Niettegenstaande de artikelen 53, 54 en 55 zorgen de lidstaten ervoor dat een uitwisseling van informatie kan plaatsvinden tussen de bevoegde autoriteiten en de autoriteiten die belast zijn met het toezicht op:
- a)
de instanties die betrokken zijn bij de liquidatie en het faillissement van instellingen en andere soortgelijke procedures;
- b)
contractuele of institutionele beschermingsstelsels als bedoeld in artikel 113, lid 7, van Verordening (EU) nr. 575/2013;
- c)
personen die belast zijn met de wettelijke controle van de jaarrekening van instellingen, verzekeringsondernemingen en financiële instellingen.
2.
In de in lid 1 bedoelde gevallen schrijven de lidstaten voor dat minimaal aan de volgende voorwaarden wordt voldaan:
- a)
de informatie wordt uitgewisseld ten behoeve van de uitoefening van de in lid 1 bedoelde taken;
- b)
de ontvangen informatie is onderworpen aan vereisten inzake het beroepsgeheim die ten minste gelijkwaardig zijn aan de in artikel 53, lid 1, bedoelde vereisten;
- c)
informatie die afkomstig is van een andere lidstaat mag niet worden doorgegeven zonder de uitdrukkelijke instemming van de bevoegde autoriteiten die de informatie hebben meegedeeld, en mag in voorkomend geval alleen worden gebruikt voor de doeleinden waarmede deze autoriteiten hebben ingestemd.
3.
Niettegenstaande de artikelen 53, 54 en 55 kunnen de lidstaten, ter versterking van de stabiliteit en integriteit van het financiële stelsel, toestaan dat uitwisseling van informatie plaatsvindt tussen de bevoegde autoriteiten en de autoriteiten of instanties die wettelijk belast zijn met de opsporing en het onderzoek van inbreuken op het vennootschapsrecht.

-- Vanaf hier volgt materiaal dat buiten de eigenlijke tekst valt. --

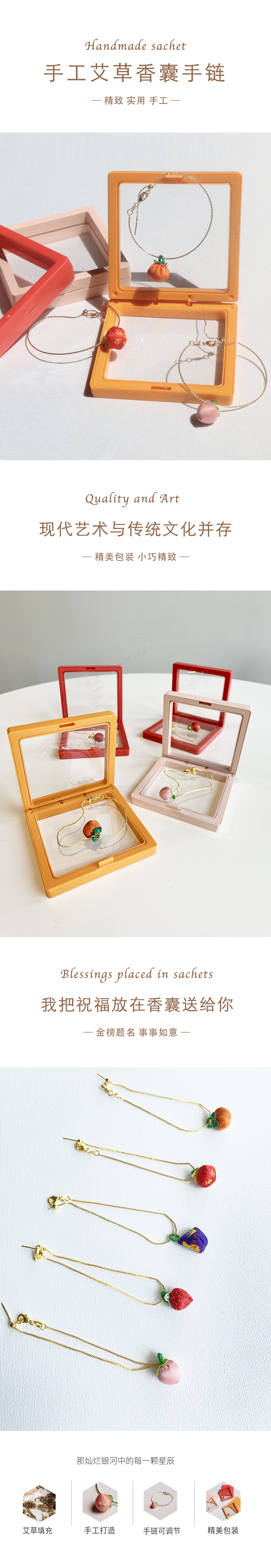 【捡漏39.9元/2件 艾草香囊手链】手工香囊首饰 可调节饰品 手工制作 佩戴香囊手链 端午柿柿如意香包手链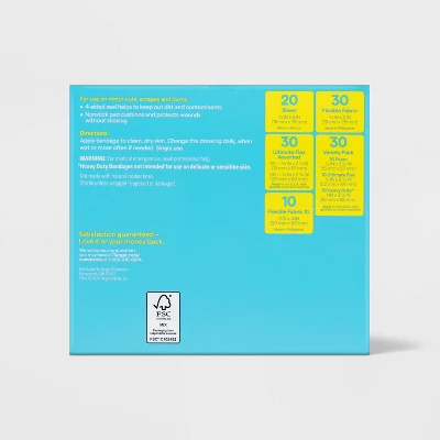 The 120-Count Value Variety Pack Bandages from up&up™ makes a great addition to any first aid kit. This variety pack includes foam, ultimate flex, heavy-duty bandages and more with nonstick pad cushions in assorted sizes, and cover and protect minor wounds, cuts and scrapes. Keep these assorted bandages in your bathroom for home use, or keep some in your car or purse so you’re always ready for the unexpected.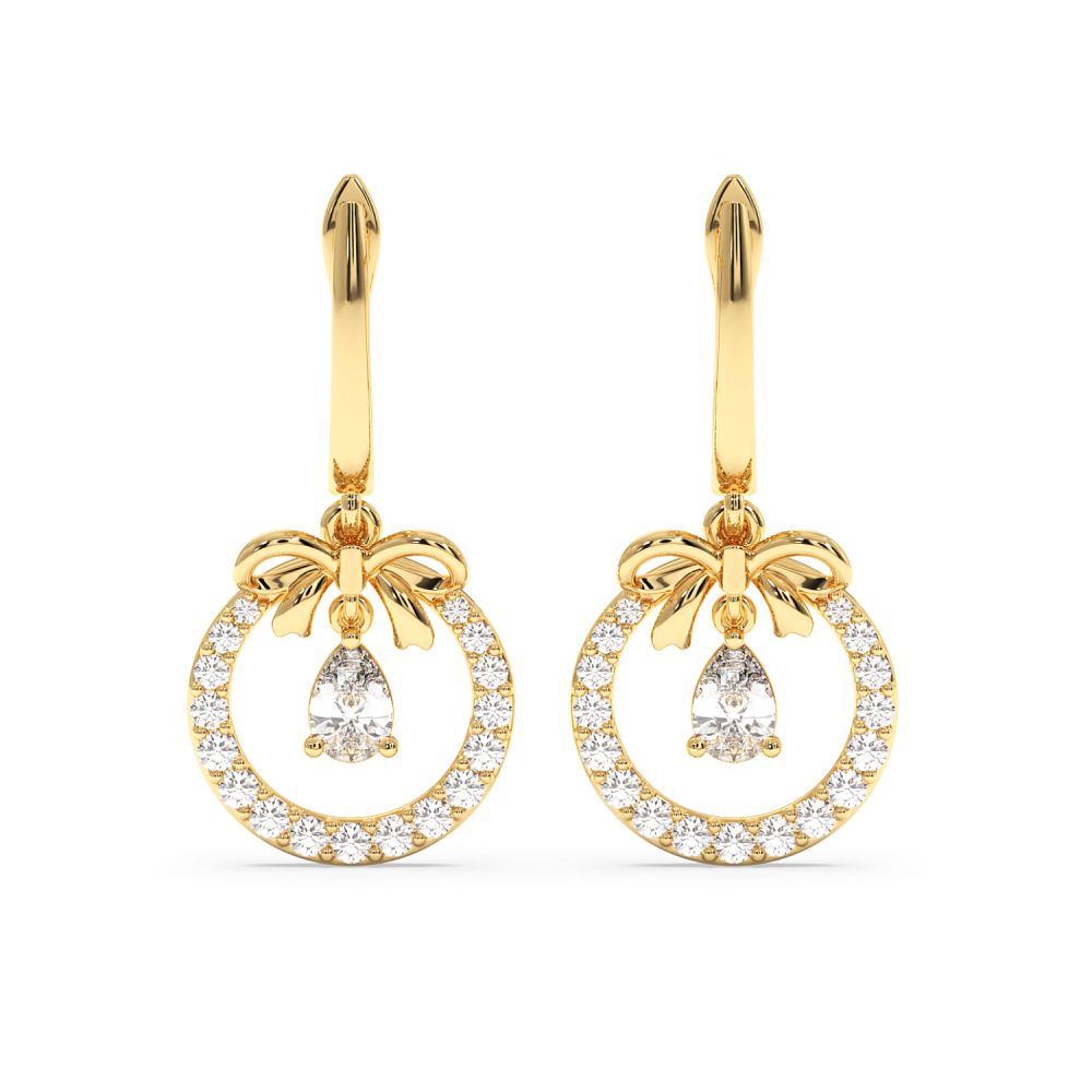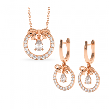 The set includes: 14K gold pendant chain with a 0.25ct Pear Cut diamond and 0.25ct round diamonds and 14K gold earrings with 0.36ct Pear Cut diamonds and 0.34ct round diamonds. The total weight of the set is approximately 6 grams. Go to "SPECIFICATIONS" for more details about this product.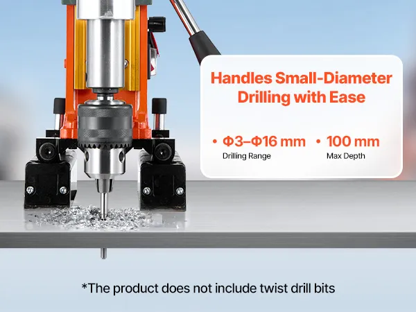 Meerdere functies: Deze magneetboormachine combineert gaten boren, spiraalboren en tappen in één gereedschap. Of u nu gaten in dikke platen boort, schroeven indraait of in buizen boort, hij voert taken uit met professionele precisie.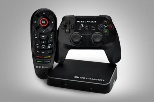 С точки зрения «начинки» GS Gamekit может похвастать процессором Amlogic S812 Quad Core, графическим ускорителем Eight Core Mali-450, беспроводными интерфейсами Bluetooth и Wi-Fi. Встроенная память консоли размером 128х105х33 мм составляет 32 Гб. В комплект также входят игровой пульт, геймпад (джойстик), кабели USB–microUSB и HDMI для просмотра телевидения в формате HDTV.

In dergelijke gevallen schrijven de lidstaten voor dat minimaal aan de volgende voorwaarden wordt voldaan:
- a)
de informatie wordt uitgewisseld ten behoeve van het opsporen en het onderzoeken van inbreuken op het vennootschapsrecht;
- b)
de ontvangen informatie onderworpen aan vereisten inzake het beroepsgeheim die ten minste gelijkwaardig zijn aan de in artikel 53, lid 1, bedoelde vereisten;
- c)
informatie die afkomstig is van een andere lidstaat mag niet worden doorgegeven zonder de uitdrukkelijke instemming van de bevoegde autoriteiten die de informatie hebben meegedeeld, en mag in voorkomend geval alleen worden gebruikt voor de doeleinden waarmede deze autoriteiten hebben ingestemd.
4.
Indien de in lid 1 bedoelde autoriteiten of instanties bij de uitoefening van hun opsporings- of onderzoekstaken een beroep doen op personen die op grond van hun specifieke deskundigheid met een opdracht worden belast en die geen openbaar ambt bekleden, kan een lidstaat de in lid 3, eerste alinea, bedoelde mogelijkheid tot uitwisseling van informatie tot deze personen verruimen onder de in de lid 3, tweede alinea, genoemde voorwaarden.
5.
De bevoegde autoriteiten delen aan de EBA mede welke autoriteiten of instanties op grond van dit artikel informatie mogen ontvangen.
6.
Voor de toepassing van lid 4 delen de in lid 3 bedoelde autoriteiten of instanties aan de bevoegde autoriteiten die de informatie hebben medegedeeld, de identiteit en de juiste opdracht mede van de personen aan wie deze informatie zal worden doorgegeven.